/block

A simple blocking and tiling utility using PyTorch

Primary LanguagePython

Block Unblock Lib

Blocking and tiling is often needed to achieve:

  • Good cache hits in GPU/accelerator memory
  • Better reuse of activations or weights for matrix multiplications

This is a simple yet much faster method to blocking and unblocking data using existing PyTorch functions.

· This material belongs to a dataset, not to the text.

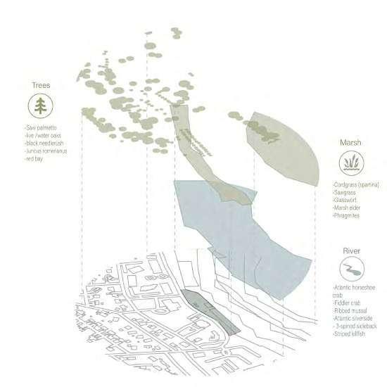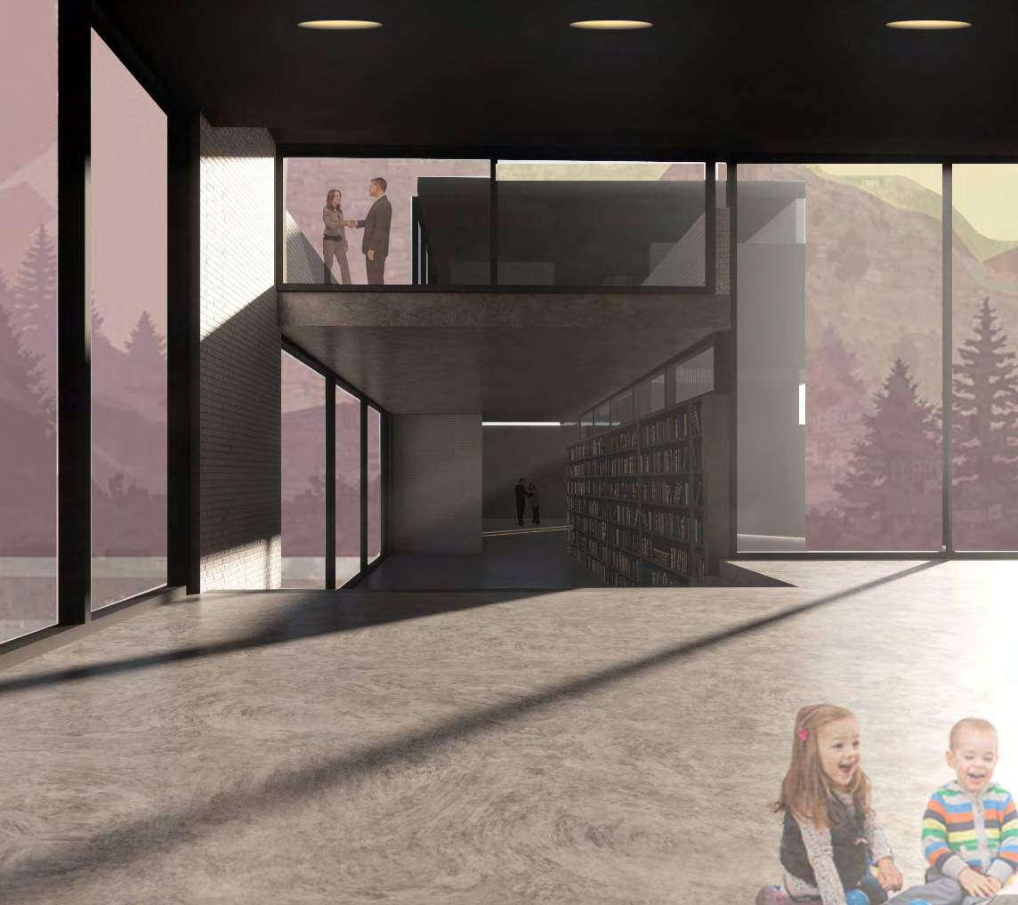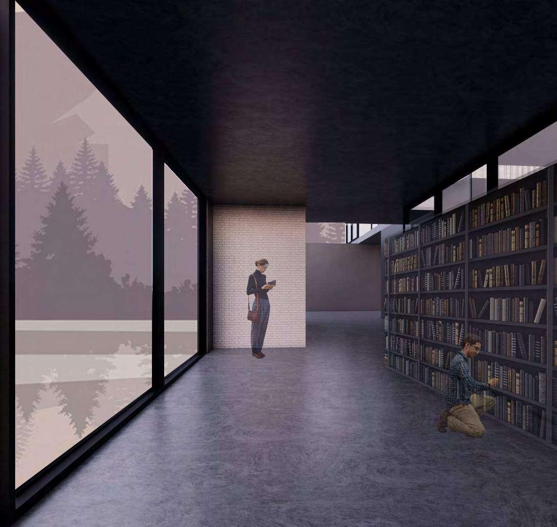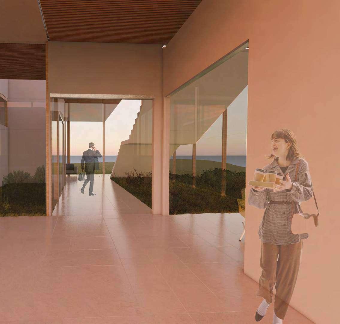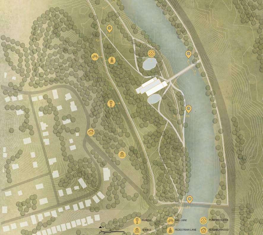 Symbiosis seeks to open dialogue about the relationship between humans and their Environment using the language of Architecture. Originated from a mass broken apart by thunderbolt’s main road, and then reconnected by a ramp spanning over 150 feet, these two volumes materialize the Connection between the neighborhood and the environment.

Inspired by previous work using numpy

The Slow Way

A nested for-loops approach would look something like the snippet below:

def block_tensor_element_by_element(tensor, block_dim=128, ublock_dim=64, tile_dim=32, face_dim=16):
    # Example of reshaping and permuting element by element
    blocks_r = tensor.shape[-2] // block_dim
    blocks_c = tensor.shape[-1] // block_dim
    ublocks_r = block_dim // ublock_dim
    ublocks_c = block_dim // ublock_dim
    tiles_r = ublock_dim // tile_dim
    tiles_c = ublock_dim // tile_dim
    faces_r = tile_dim // face_dim
    faces_c = tile_dim // face_dim

    # Manually reshape the tensor
    blocked_tensor = []
    for br in range(blocks_r):
        for ur in range(ublocks_r):
            for tr in range(tiles_r):
                for fr in range(faces_r):
                    for bc in range(blocks_c):
                        for uc in range(ublocks_c):
                            for tc in range(tiles_c):
                                for fc in range(faces_c):
                                    block = tensor[br*block_dim:(br+1)*block_dim, bc*block_dim:(bc+1)*block_dim]
                                    ublock = block[ur*ublock_dim:(ur+1)*ublock_dim, uc*ublock_dim:(uc+1)*ublock_dim]
                                    tile = ublock[tr*tile_dim:(tr+1)*tile_dim, tc*tile_dim:(tc+1)*tile_dim]
                                    face = tile[fr*face_dim:(fr+1)*face_dim, fc*face_dim:(fc+1)*face_dim]
                                    blocked_tensor.append(face)

    # Reshape back into 2D
    concatenated_tensor = torch.cat(blocked_tensor)
    result = concatenated_tensor.reshape(tensor.shape[-2], tensor.shape[-1])
    return result

Achieving 35 samples/s using my AMD EPYC CPU.

The fast way

Let's use the provided 2D blocking and tiling function with the same default parameters

from block_unblock import block_tensor

block_act = block_tensor(tensor)

Achieving 6000 samples/s using the same CPU. This seraializes the batch dim which could be parallelized as well for further speed up.